Listed Building – Grade II*
- Official name: Town Hall
- Designated: 5 August 1974
- Reference no.: 1246969

= Great Yarmouth Town Hall =

Municipal building in Great Yarmouth, Norfolk, England

Great Yarmouth Town Hall is a municipal building in Hall Plain, Great Yarmouth, Norfolk, England. The town hall, which is the meeting place of Great Yarmouth Borough Council, is a Grade II* listed building.

==History==
In medieval times the main civic building in the town was the Tolhouse which had been completed in 1150. A dedicated town hall, designed in the neoclassical style with a full-height tetrastyle portico, was built on the quayside and completed in 1716. The principal room inside was the dining room which contained a portrait by James Worsdale of King George II and a wooden scale model of the Britannia Monument. A lock-up for petty criminals was erected at the back of the town hall in 1842.
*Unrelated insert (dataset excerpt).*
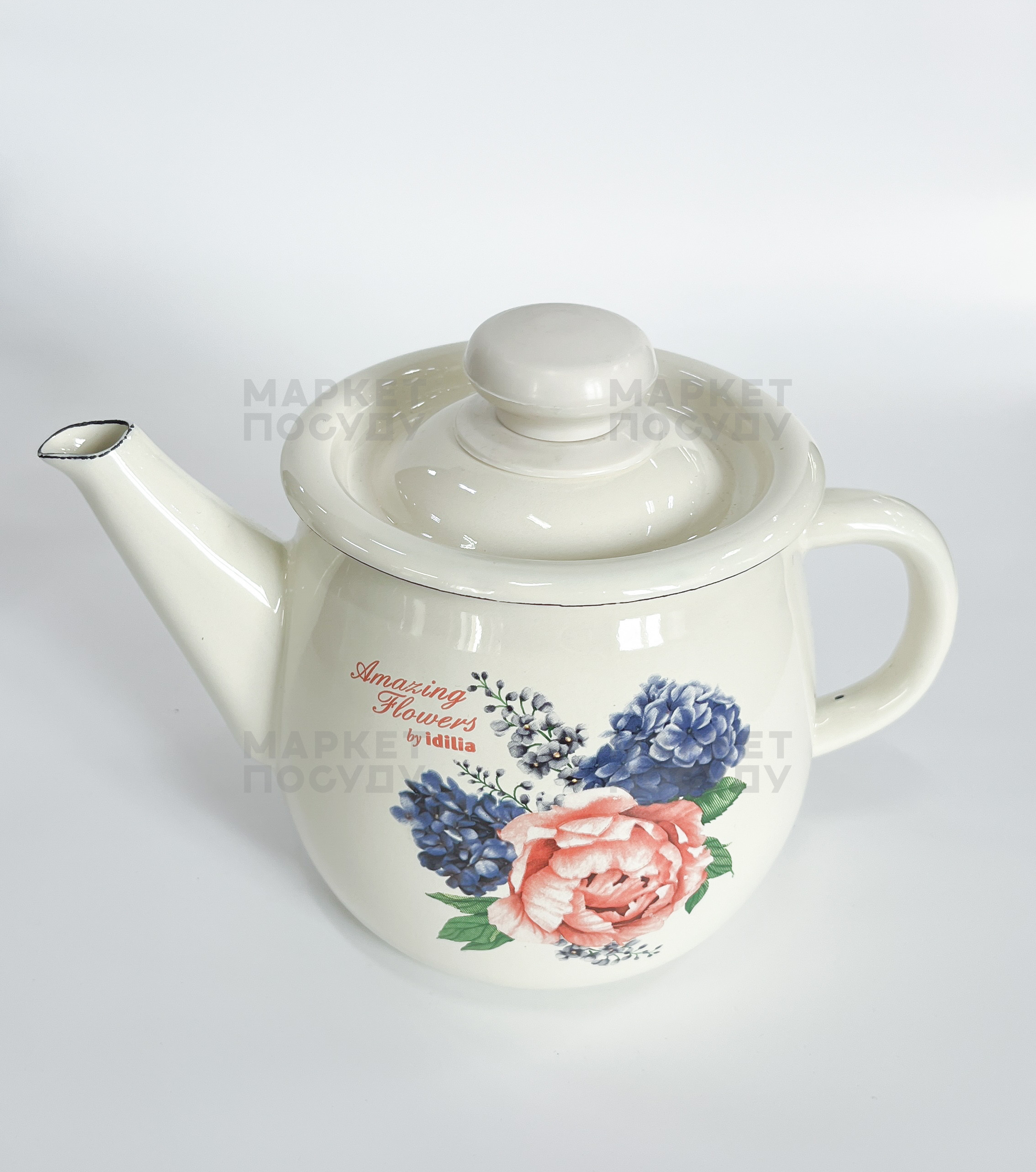 Чайник 1л "Піон" з носиком і кришкою. Емальований чайник ТМ Idilia від українського виробника зручний у використанні, ергономічний, а його зовнішній вигляд робить чаювання більш затишним.

In the 1870s civic leaders decided to demolish the old town hall and commission a new town hall on the same site: the foundation stone for the new building was laid by the mayor, Councillor Charles Cory Aldred, on 20 April 1880. It was designed by John Bond Pearce in the Queen Anne Revival style, was built with terracotta facings and was officially opened by the Prince of Wales on 31 May 1882.

The design involved an asymmetrical main frontage with seven bays facing onto a small side street off Regent Street; the third bay from the right featured an arched doorway flanked by brackets supporting a balcony; there was a round headed sash window on the first floor flanked by a bartizan on the left and a pilaster on the right, with a sash window on the second floor and a 110 feet high clock tower with a lantern above. The quarter-chiming clock was by Thwaites & Reed. Internally, the principal rooms, which were all on the first floor, were the assembly hall on the west side (facing the River Yare), the courtroom in the south east corner and the council chamber in the north east corner. The assembly hall was described at the time of the official opening as "one of the finest interiors in Eastern England and a measure, like the entire building, of the town's prosperity in the late 19th century." There were issues with the quality of foundations and, after some subsidence took place on the side adjacent to the river, some underpinning works were undertaken in November 1886.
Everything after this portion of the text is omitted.